= SOURCE DATA =

------

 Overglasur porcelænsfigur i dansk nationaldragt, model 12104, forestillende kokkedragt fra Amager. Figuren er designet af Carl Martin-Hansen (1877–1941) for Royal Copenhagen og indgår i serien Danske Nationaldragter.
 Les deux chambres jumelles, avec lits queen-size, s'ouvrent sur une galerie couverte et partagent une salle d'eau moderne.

------

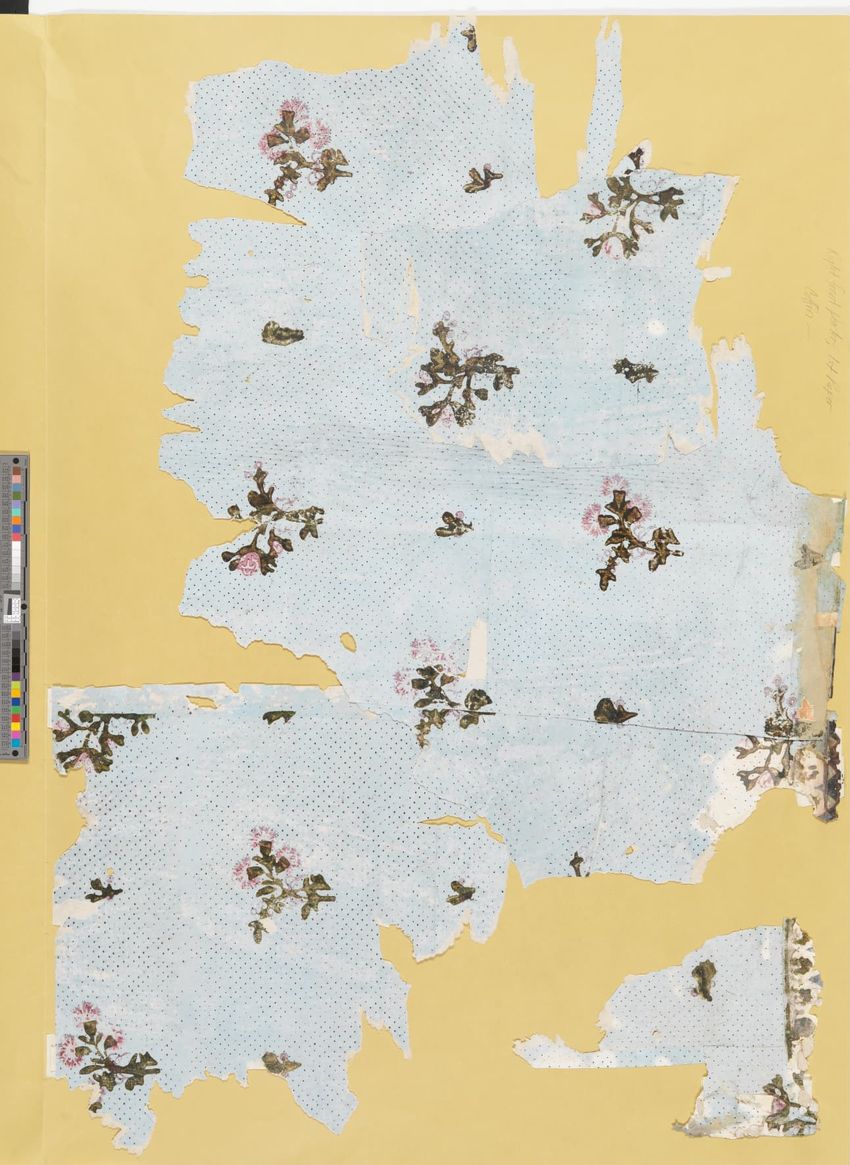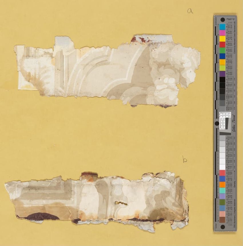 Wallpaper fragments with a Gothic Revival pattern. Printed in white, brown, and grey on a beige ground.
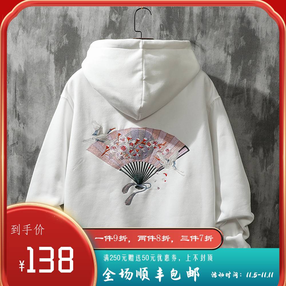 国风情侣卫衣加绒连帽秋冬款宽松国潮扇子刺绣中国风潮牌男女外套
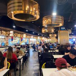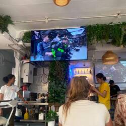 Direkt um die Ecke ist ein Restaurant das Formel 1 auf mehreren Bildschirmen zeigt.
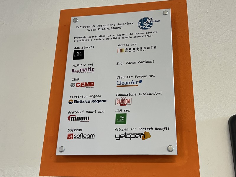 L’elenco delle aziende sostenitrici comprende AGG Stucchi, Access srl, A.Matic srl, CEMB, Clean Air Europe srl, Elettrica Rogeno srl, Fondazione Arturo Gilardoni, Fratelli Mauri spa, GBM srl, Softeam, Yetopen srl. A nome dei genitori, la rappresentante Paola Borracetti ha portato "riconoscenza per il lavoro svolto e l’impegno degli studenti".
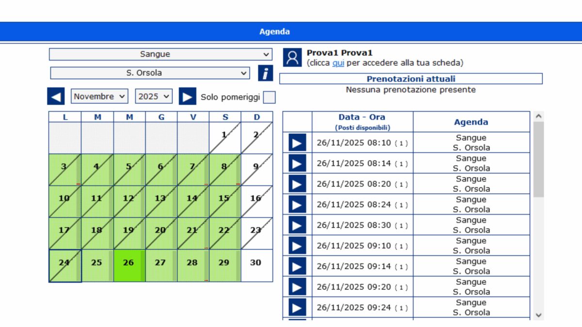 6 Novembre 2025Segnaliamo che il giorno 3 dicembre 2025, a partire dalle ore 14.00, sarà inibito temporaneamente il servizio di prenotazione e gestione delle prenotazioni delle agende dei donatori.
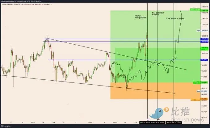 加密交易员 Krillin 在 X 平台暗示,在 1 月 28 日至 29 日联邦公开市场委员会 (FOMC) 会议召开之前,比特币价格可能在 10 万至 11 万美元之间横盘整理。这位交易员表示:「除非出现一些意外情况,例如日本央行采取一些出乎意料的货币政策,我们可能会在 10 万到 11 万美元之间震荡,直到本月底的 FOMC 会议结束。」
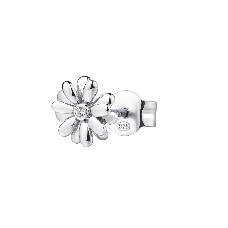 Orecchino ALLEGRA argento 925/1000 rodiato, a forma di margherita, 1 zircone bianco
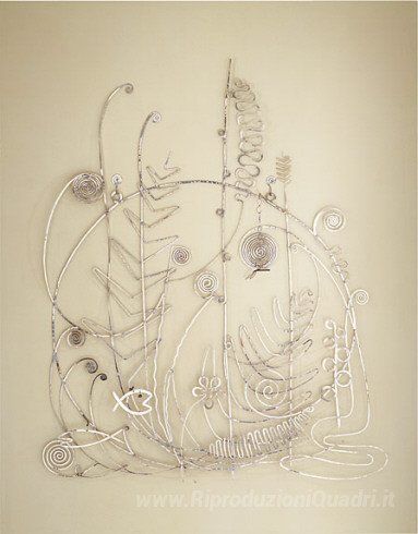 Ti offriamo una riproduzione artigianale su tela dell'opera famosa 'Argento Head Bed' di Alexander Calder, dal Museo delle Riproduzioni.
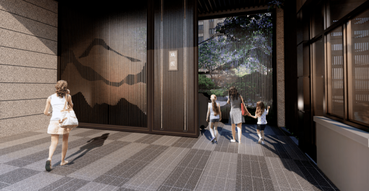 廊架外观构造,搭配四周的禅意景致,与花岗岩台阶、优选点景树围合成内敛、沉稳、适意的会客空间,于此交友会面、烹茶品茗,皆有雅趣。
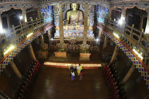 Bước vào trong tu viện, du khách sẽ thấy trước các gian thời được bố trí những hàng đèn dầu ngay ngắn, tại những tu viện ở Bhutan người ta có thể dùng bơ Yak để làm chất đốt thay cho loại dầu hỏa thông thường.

------

= EXERCISE PROMPT =
Return the material from the line containing "6 Novembre 2025Segnaliamo" through the line containing "廊架外观构造,搭配四周的禅意", exactly and in full, but without its pictures.

= RESPONSE AREA =
 6 Novembre 2025Segnaliamo che il giorno 3 dicembre 2025, a partire dalle ore 14.00, sarà inibito temporaneamente il servizio di prenotazione e gestione delle prenotazioni delle agende dei donatori.
 加密交易员 Krillin 在 X 平台暗示,在 1 月 28 日至 29 日联邦公开市场委员会 (FOMC) 会议召开之前,比特币价格可能在 10 万至 11 万美元之间横盘整理。这位交易员表示:「除非出现一些意外情况,例如日本央行采取一些出乎意料的货币政策,我们可能会在 10 万到 11 万美元之间震荡,直到本月底的 FOMC 会议结束。」
 Orecchino ALLEGRA argento 925/1000 rodiato, a forma di margherita, 1 zircone bianco
 Ti offriamo una riproduzione artigianale su tela dell'opera famosa 'Argento Head Bed' di Alexander Calder, dal Museo delle Riproduzioni.
 廊架外观构造,搭配四周的禅意景致,与花岗岩台阶、优选点景树围合成内敛、沉稳、适意的会客空间,于此交友会面、烹茶品茗,皆有雅趣。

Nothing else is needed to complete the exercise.